Building HF Dataset with your own Data¶
This tutorial notebook provides a step-by-step guide on how to prepare data for experimenting and evaluating using ragas.
Note
If you’re using popular frameworks like llama-index, langchain, etc to build your RAG application, Ragas provides integrations with these frameworks. Checkout integrations
This tutorial assumes that you have the 4 required data points from your RAG pipeline
Question: A set of questions.
Contexts: Retrieved contexts corresponding to each question. This is a
list[list]
since each question can retrieve multiple text chunks.Answer: Generated answer corresponding to each question.

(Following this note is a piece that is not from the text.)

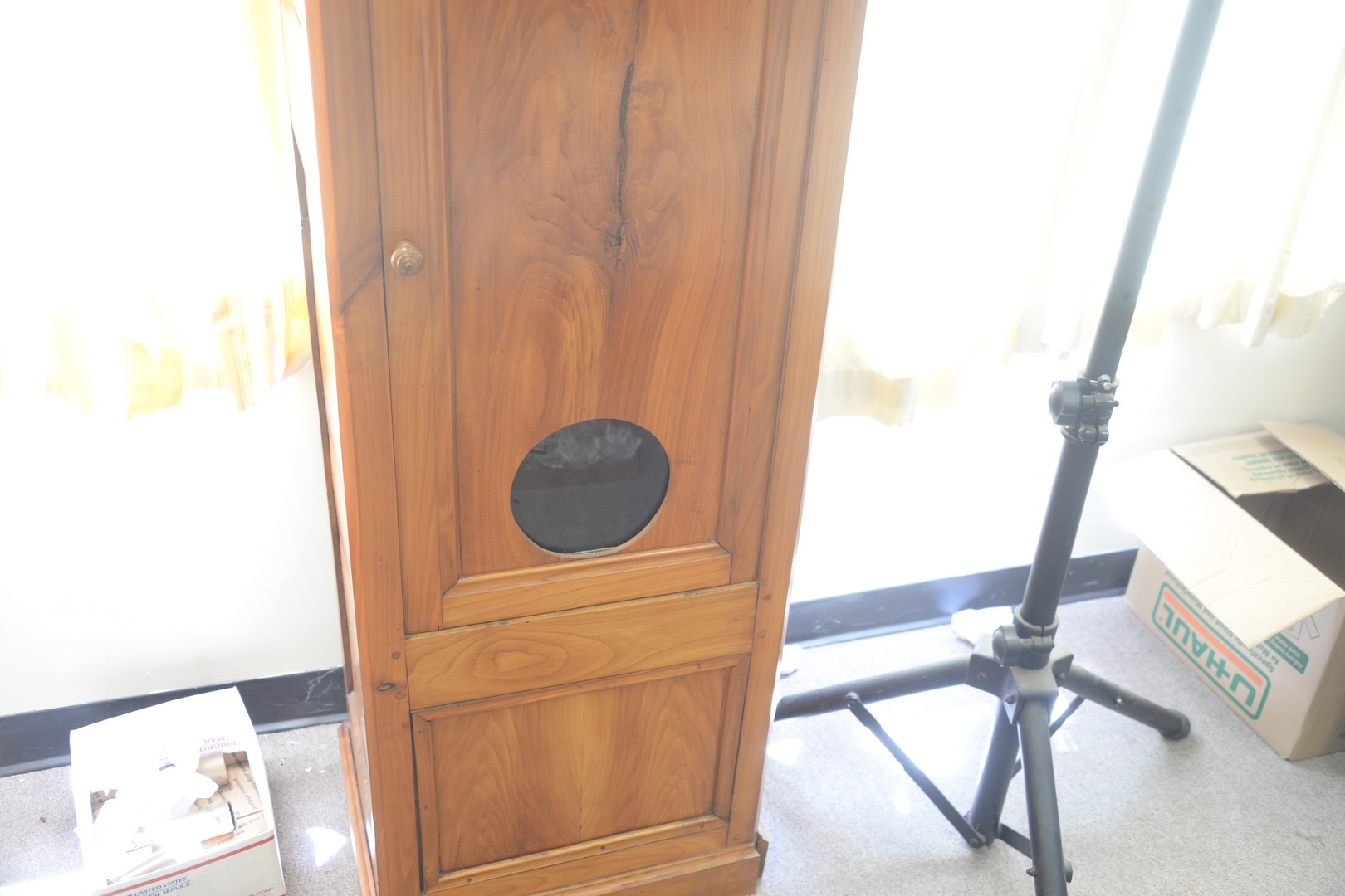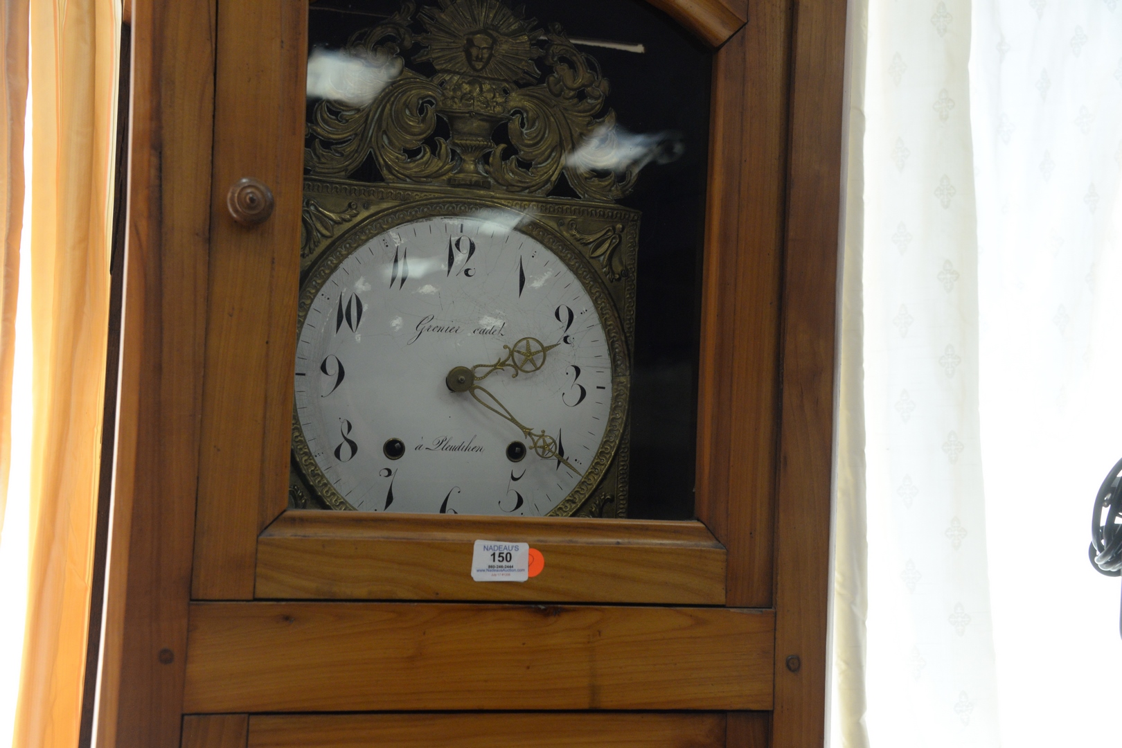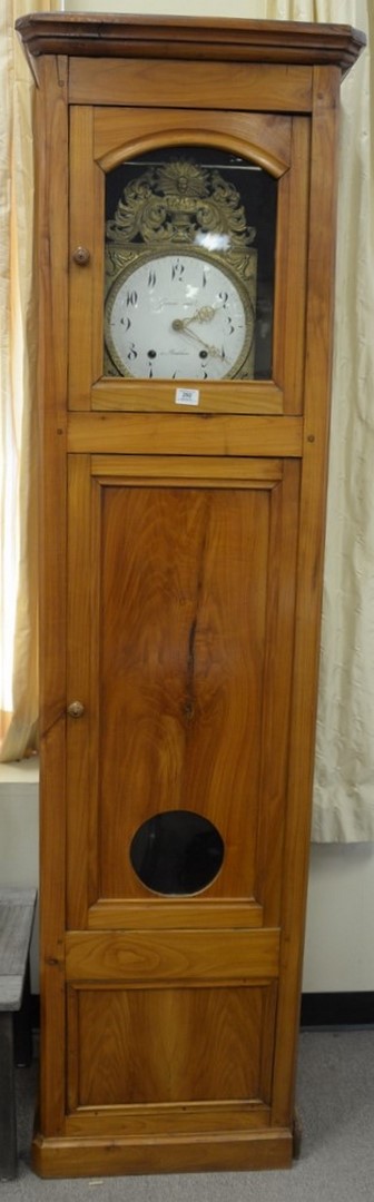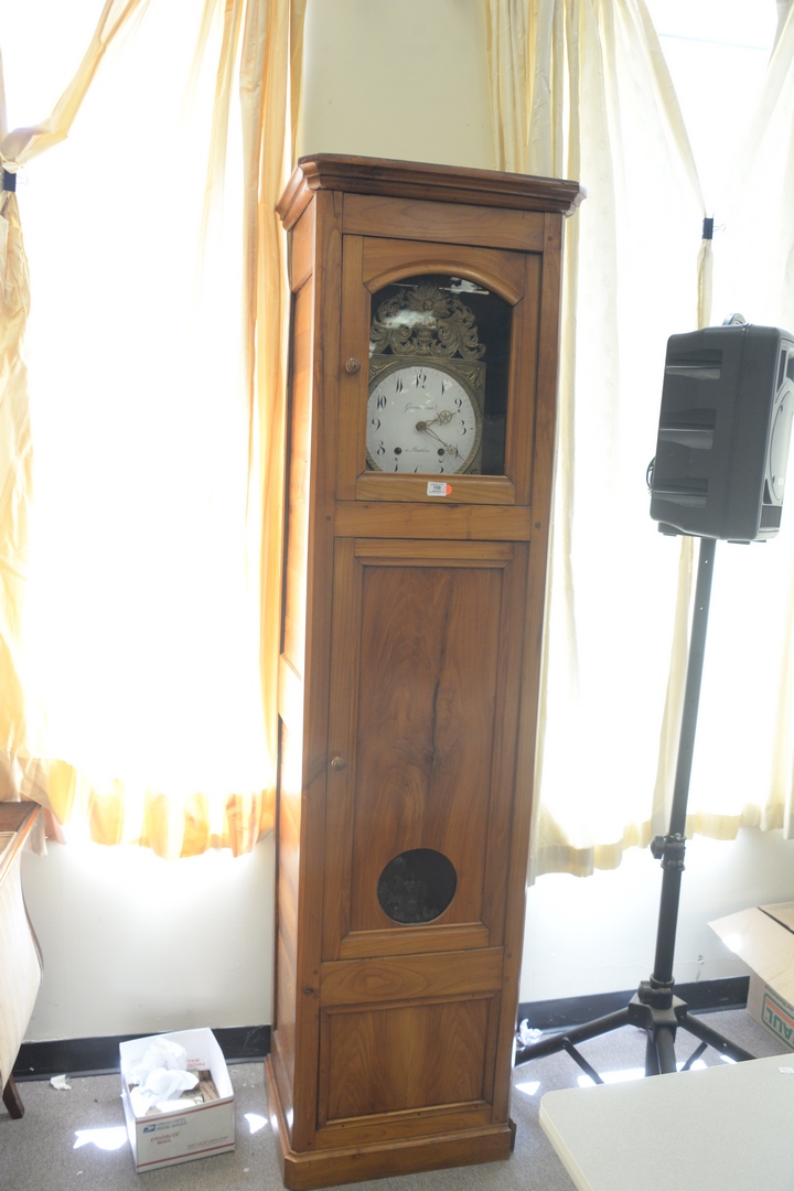 Lot 150: French Fruitwood Tall Clock having brass works and embossed, porcelain dial, with pendulum and weights, height 83 inches, width 22 1/2 inches, depth 15 inches.
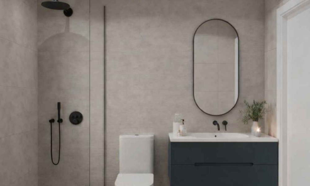 The design utilizes light-coloured finishes and perimeter lighting to create a functional and consistent aesthetic throughout the main floor. This layout is intended to accommodate both daily residential use and social entertaining.The bathrooms are finished with neutral-toned wall and floor tiles and include modern fixtures. Features include spacious shower trays with glass screens, integrated washbasins, and storage furniture. The kitchens are designed as a functional extension of the living space, allowing for ease of movement and visual separation between different zones of the home.Each property includes a private terrace suitable for outdoor dining and relaxation, offering views of the Mediterranean and the mountains. Residents also have access to a communal saltwater swimming pool and a shared terrace area equipped with seating and sunbathing spaces. The development is completed with seven dedicated parking spaces and seven storage rooms, providing necessary infrastructure for permanent residents or investors.

Ground truths: Ground truths corresponding to each question. This is a
str
which corresponds to the expected answer for each question.
Example dataset¶
from datasets import Dataset
data_samples = {
'question': ['When was the first super bowl?', 'Who won the most super bowls?'],
'answer': ['The first superbowl was held on January 15, 1967', 'The most super bowls have been won by The New England Patriots'],
'contexts' : [['The Super Bowl....season since 1966,','replacing the NFL...in February.'],
['The Green Bay Packers...Green Bay, Wisconsin.','The Packers compete...Football Conference']],
'ground_truth': ['The first superbowl was held on January 15, 1967', 'The New England Patriots have won the Super Bowl a record six times']
}
dataset = Dataset.from_dict(data_samples)